Parameters for Executing Synchronous Policies
The required parameters include:
Parameter | Description |
---|---|
sync | This is a Boolean parameter that determines whether the policy should be executed synchronously or asynchronously. It is a required parameter. If set to 'True', it will return only after the execution has completed. If 'False', it will return immediately after the execution begins. |
policy_type | The policy type is specified using an enum parameter. It is a required parameter. It is an enum that will accept constant values as PolicyType.DATA_QUALITY or PolicyType.RECONCILIATION. |
policy_id | The policy id to be executed is specified as a string parameter. It is a required parameter. |
incremental | This is a Boolean parameter that specifies whether policy execution should be incremental or full.

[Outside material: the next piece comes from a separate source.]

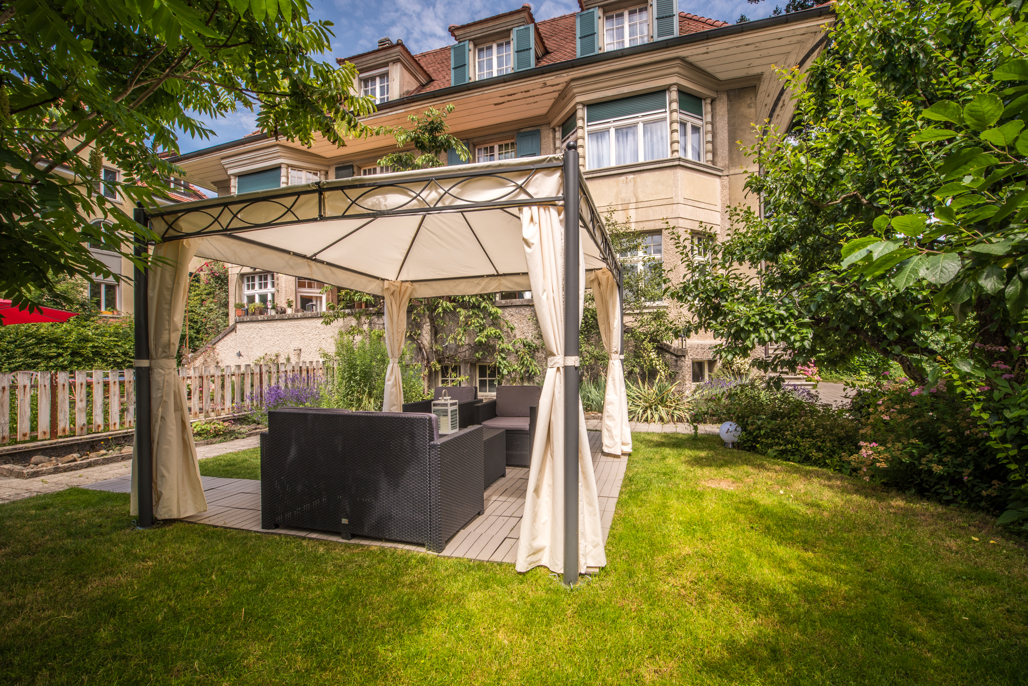 Your Deluxe Junior Suite is located on the 1st floor where you enjoy the view to the green surroundings and tranquility of the Murifeld-quarter, within walking-distance from most embassies and consulates, only 3 minutes walking-distance from tramway-stop "Weltpostverein" and close to supermarkets and restaurants..

The default value is False. |
pipeline_run_id | The run id of the pipeline run where the policy is being executed is specified by a long parameter. This can be used to link the execution of the policy with a specific pipeline run. |
failure_strategy | The enum parameter is used to determine the behavior in the event of a failure. The default value is DoNotFail.
|
To get the execution result, you can call get_policy_execution_result
on torch_client
or call get_result
on the execution object which will return a result object.

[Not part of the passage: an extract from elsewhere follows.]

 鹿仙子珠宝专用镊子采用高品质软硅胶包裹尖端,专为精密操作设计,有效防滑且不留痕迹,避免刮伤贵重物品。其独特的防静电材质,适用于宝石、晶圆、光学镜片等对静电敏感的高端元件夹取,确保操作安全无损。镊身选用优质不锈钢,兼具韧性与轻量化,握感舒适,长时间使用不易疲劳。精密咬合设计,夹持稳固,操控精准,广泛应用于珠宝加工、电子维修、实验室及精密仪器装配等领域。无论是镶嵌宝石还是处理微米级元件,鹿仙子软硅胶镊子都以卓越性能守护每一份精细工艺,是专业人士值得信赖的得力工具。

Parameters to Retrieve Policy Execution Results
The required parameters include:
Parameter | Description |
---|---|
policy_type | The policy type is specified using an enum parameter. It is a required parameter. It is an enum that will accept constant values as PolicyType.DATA_QUALITY or PolicyType.RECONCILIATION. |
execution_id | The execution id to be queried for the result is specified as a string parameter. It is a required parameter. |
failure_strategy | The enum parameter is used to determine the behavior in the event of a failure. The default value is DoNotFail. |
For more information on hard linked and soft linked policies, see Hard Linked and Soft Linked Policies.

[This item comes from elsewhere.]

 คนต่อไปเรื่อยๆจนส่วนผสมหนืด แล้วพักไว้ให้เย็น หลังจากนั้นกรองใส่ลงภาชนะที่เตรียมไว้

To get the current status, you can call get_policy_status
on torch_client or call get_status
on the execution object which will get the current resultStatus
of the execution.
The required parameters include:
Parameter | Description |
---|---|
policy_type | The policy type is specified using an enum parameter. It is a required parameter. It is an enum that will accept constant values as PolicyType.DATA_QUALITY or PolicyType.RECONCILIATION. |
execution_id | The execution id to be queried for the result is specified as a string parameter. It is a required parameter. |
get_status
does not take any parameter.
Asynchronous Execution Example
from acceldata_sdk.torch_client import TorchClient
from acceldata_airflow_sdk.initialiser import torch_credentials
import acceldata_sdk.constants as const
from acceldata_sdk.constants import FailureStrategy
torch_client = TorchClient(**torch_credentials)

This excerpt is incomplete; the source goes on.